Job=MediumRun  IterationCount=15  LaunchCount=2
WarmupCount=10
Method Mean Ratio Gen0 Gen1 Allocated Alloc Ratio
'SimpleSign PAdES-B-B' 13.700 ms 1.00 46.8750 15.6250 498.36 KB 1.00
'iText 9 + BouncyCastle PAdES-B-B' 4.940 ms 0.36 85.9375 23.4375 766.4 KB 1.54

Key observations:

  • iText 9 is ~2.8× faster (4.94 ms vs 13.70 ms) for a basic PAdES-B-B signature — iText's signing pipeline is highly optimized with native C/C++ interop
  • SimpleSign uses 35% less memory (498 KB vs 766 KB per operation) — the pure-managed implementation avoids external allocations despite doing more work
  • iText 9 triggers more GC pressure (86 vs 47 Gen0 collections per 1000 ops)
  • The speed gap is expected: SimpleSign does more work inline (byte range computation, CMS container construction with full signed attributes, manual PDF dictionary encoding) while iText delegates to native libraries
  • Deferred/Prepared signing in SimpleSign closes the gap significantly: PrepareAsync takes only 27 μs (524× faster than direct sign), making it competitive for server-side workflows where the RSA operation dominates

Summary & Takeaways

Performance Characteristics

Category Baseline Slowest Ratio
Signing (local, no network) RSA-2048: 13.7 ms RSA-4096: 92.2 ms 6.75×
Signing with LTV B-B: 13.6 ms B-LTA: 473.7 ms 34.9×
Algorithm ECDSA P-256: 5.6 ms RSA-4096: 92.2 ms 16.3×
Competitor (vs iText 9) iText: 4.9 ms SimpleSign: 13.7 ms 2.78×
Validation 1 sig: 233 μs 5 sigs: 1.25 ms 5.4×
Deferred (Prepare) Direct: 14 ms Def. Prepare: 27 μs 524× faster
I/O byte[]: 13.3 ms FileStream: 14.0 ms 1.05×
Inspection 1 sig: 209 μs 10 sigs: 2.09 ms 10×

Recommendations

  1. Use ECDSA P-256 for new deployments — 2.4× faster than RSA-2048 with equivalent security
  2. Always use PSS over PKCS#1 v1.5 — zero performance cost, better security
  3. Deferred signing is ideal for HSM/remote-key scenarios — PrepareAsync is 524× faster than direct sign
  4. FileStream saves memory (24%) at negligible speed cost — use for large documents
  5. Concurrency gains are limited on consumer hardware — the RSA op is CPU-bound per core
  6. Inspection is fast — use PdfSignatureInspector when you only need metadata (no crypto)
  7. SimpleSign vs iText 9: SimpleSign is 2.8× slower on direct signing but uses 35% less memory and is pure-managed (no native dependencies, AOT-compatible). For server-side signing with HSMs, SimpleSign's deferred mode (27 μs prep) is competitive for all but the most throughput-demanding scenarios.

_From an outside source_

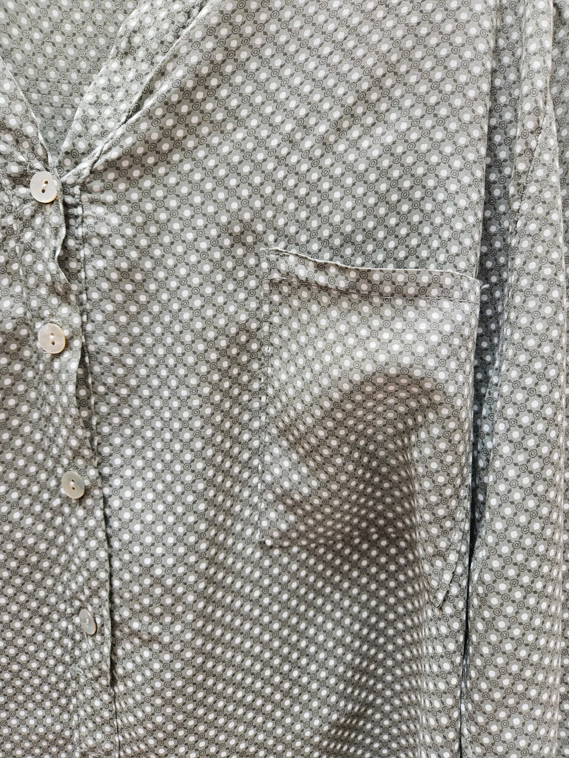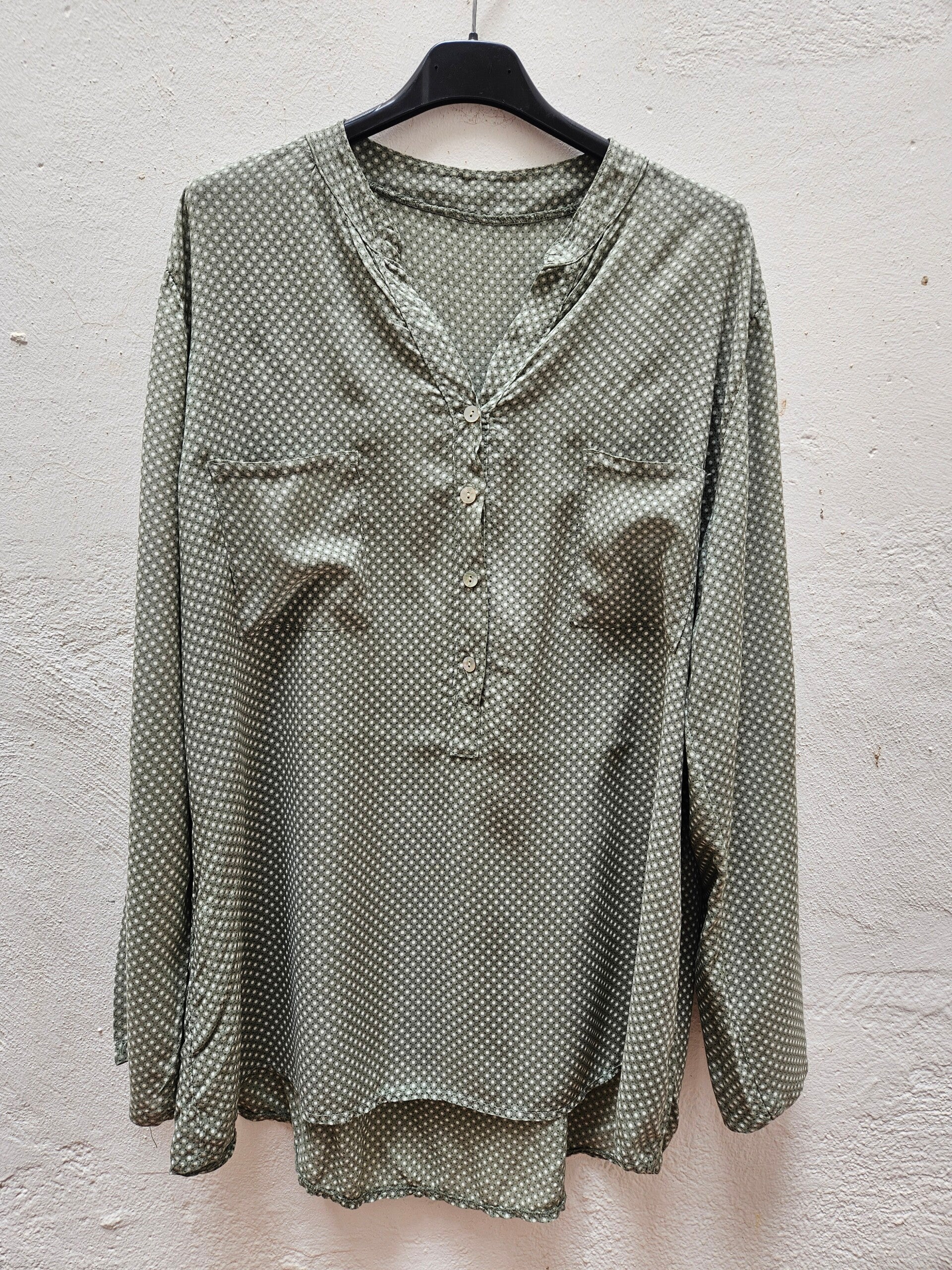 Blusa como nueva verde con detalles blancos. Las mangas se pueden hacer cortas. Es talla L/XL, queda holgada. De axila a axila mide 61cm, de hombros 47cm y de largo 77cm. Composicion: 100% viscosa.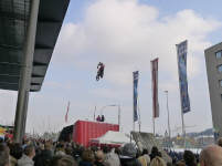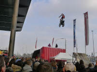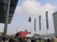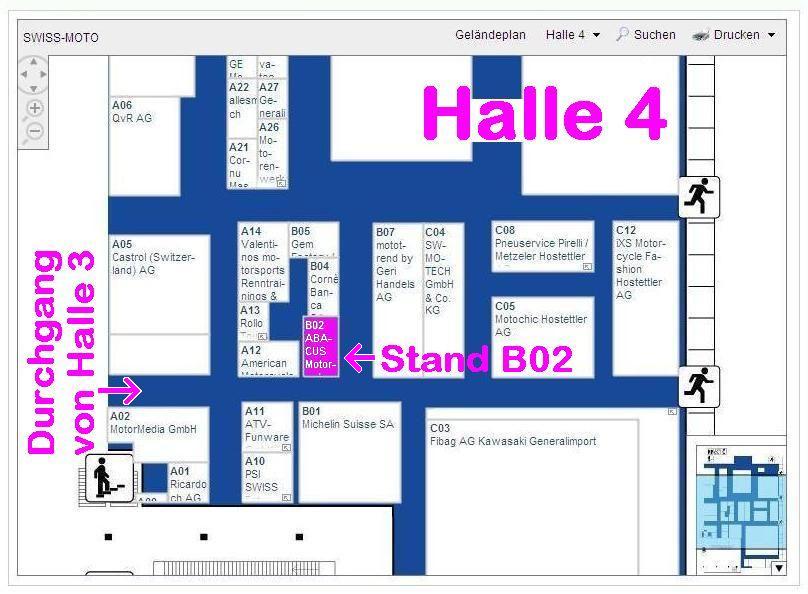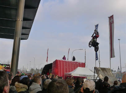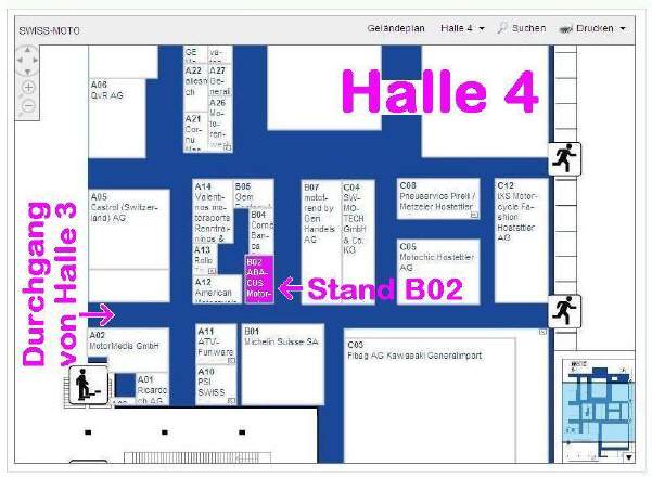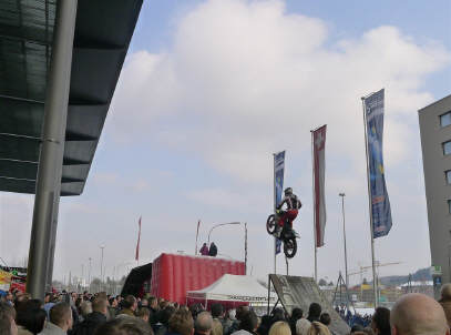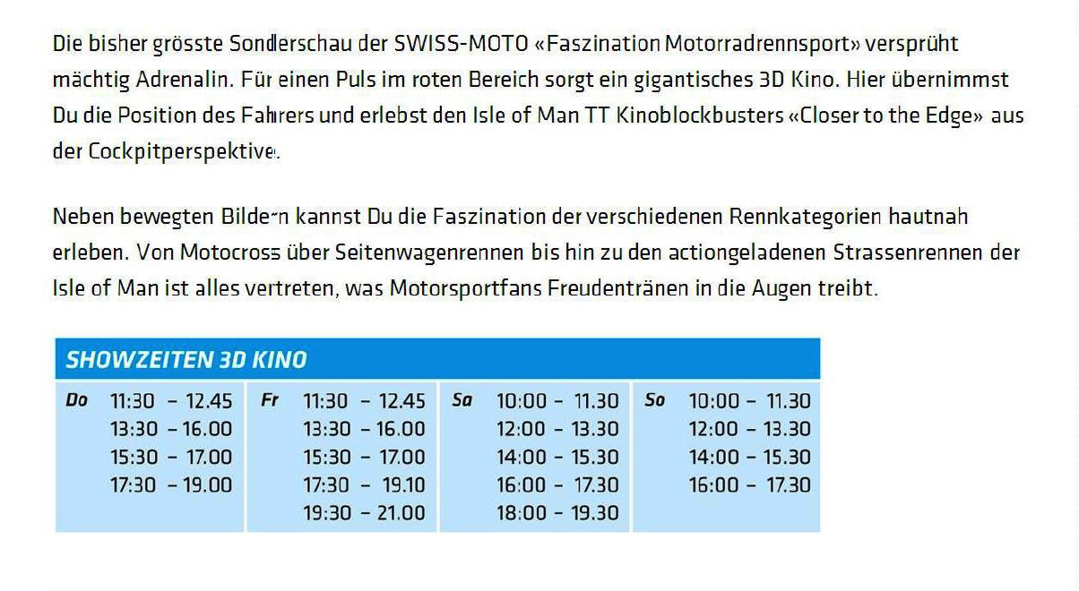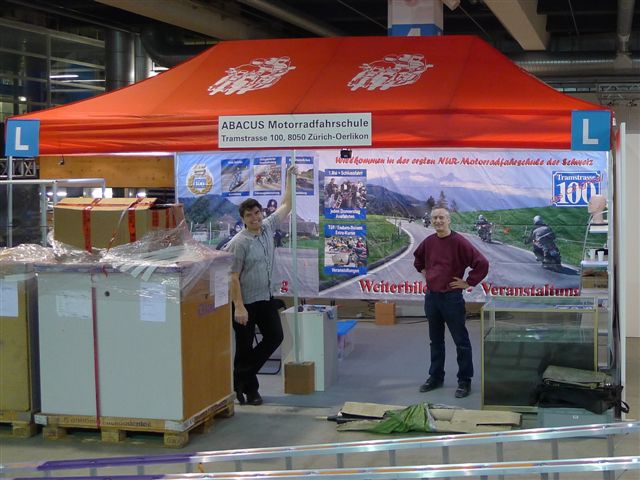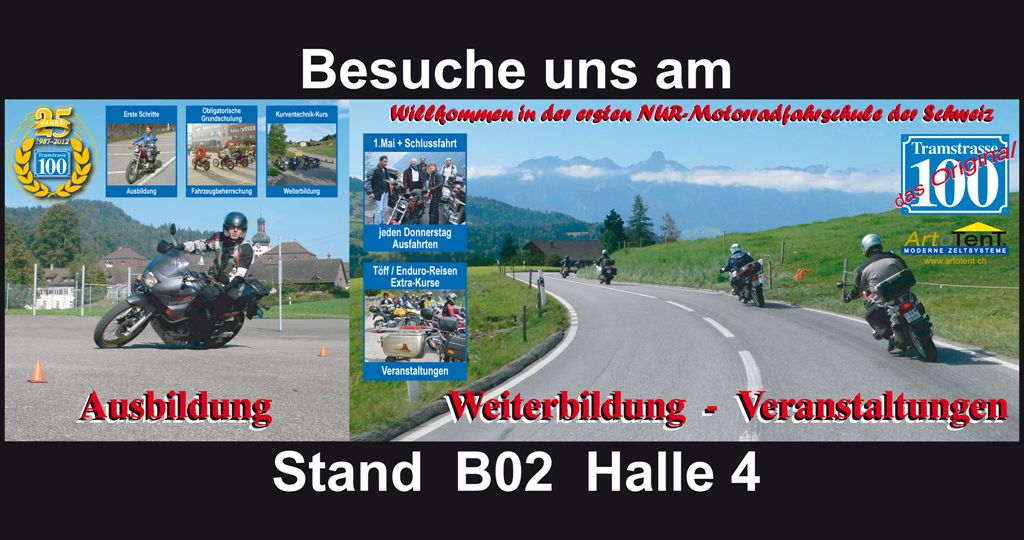 Ein Drittel des Besucherrückgangs von der letztjährigen zur bisher erfolgreichsten SWISS-MOTO im Jahr 2011 konnte in diesem Jahr wettgemacht werden. Mit 66'597 registrierten Besuchern rückt sie auf den 2.Platz in der 10-jährigen Geschichte der SWISS-MOTO. Besonders am frühen Samstagnachmittag stauten sich die Besucher in den Gängen und vor den Kassen bildeten sich riesige Warteschlangen. Das Konzept der Event-Ausstellung, in welcher dem Besucher sehr viel Unterhaltung geboten wird, scheint beim Kunden anzukommen. So wünsche ich dem erfolgreichen Team um den initiativen Leiter Yves Vollenweider viel Erfolg auch im nächsten Jahr, in welchem ich pausieren werde: Sigrid und ich werden im nächsten Winter für 2 Monate in Australien Ferien verbringen und dann reichts weder zeitlich noch finanziell für eine SWISS-MOTO-Teilnahme. Klicke auf untenstehendes Bild und Du kannst Dich durch den Schlussbericht [95 KB]

Running the Benchmarks Yourself

# All benchmarks (net10.0)
cd bench
dotnet run -c Release --project SimpleSign.Benchmarks --framework net10.0 -- --job short

# Compare with .NET 8
dotnet run -c Release --project SimpleSign.Benchmarks --framework net8.0 -- --job short

# Filter to a specific suite
dotnet run -c Release --project SimpleSign.Benchmarks -- --job medium --filter "*Feature*"
dotnet run -c Release --project SimpleSign.Benchmarks -- --job medium --filter "*Algorithm*"
dotnet run -c Release --project SimpleSign.Benchmarks -- --job medium --filter "*Pss*"
dotnet run -c Release --project SimpleSign.Benchmarks -- --job medium --filter "*Competitor*"

The full result files are in bench/BenchmarkDotNet.Artifacts/results/ or BenchmarkDotNet.Artifacts/results/ — GitHub-flavored markdown, CSV, HTML, and JSON.